Evil does happen. The good do suffer. The wicked appear to triumph. On the Abbey’s west front are statues of ten 20th century martyrs, representative of many thousands of men and women and children who died during the 20th century for their Christian faith and way of life. Later this year, one of them Oscar Romero, archbishop of San Salvador, who was assassinated at the altar on 24th March 1980, will be formally declared a saint. And early next year, at the time of the 125th anniversary of his birth, we shall hold a service here to honour St Maximilian Kolbe, another of the martyrs commemorated there, a priest who gave his life in Auschwitz volunteering to replace a young father he did not know when the Nazi guards were selecting ten people at random to be starved to death.

The wicked appear to triumph, I said.
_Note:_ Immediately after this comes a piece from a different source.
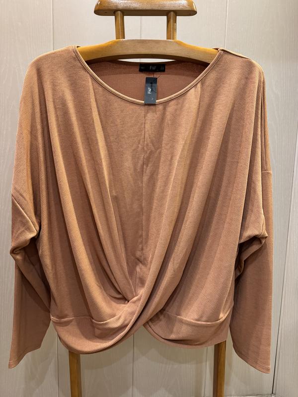 У наявності красива кофточка фірми F&F. Розмір вказаний 22 US 18. красиво сяде на 18. Склад: 93% поліестер і 7% еластану...тканина дуже м'яка та приємна до тіла, добре тягнеться. ПОГ-крі вільний...приблизно 67, довжина-59, плечі приспущені...довжина рукава від коміра-70, ширина по низу-60+ще добре тягнеться.

And many people suffer as they do. But we have seen the rise and fall in the past century of oppression and hatred, of dictatorship after dictatorship. The vicious cruelty of Russia’s Communist regime, where Stalin put to death at least six million of his own people and perhaps nine million others, was finally defeated. The Nazi regime in Germany, that caused the death of six million Jews and perhaps six million others, was defeated. Germany has radically changed into a prosperous and peaceful country. The dictatorships in Spain and Portugal were defeated. Ultimately the good prevailed.

We see the power of God cloaked in Jesus Christ, his life, death and resurrection. But the power is there and the ability to make a difference. We may not always discern God’s will or God’s way. But we can and should trust in God. Who’s in charge? God’s in charge: God’s gift of creation; God’s gift of redemption in Christ; God’s gift of sanctification, if we will accept it. As we heard St Paul say earlier, God has a plan to gather up all things, things in heaven and things on earth. To God be the glory.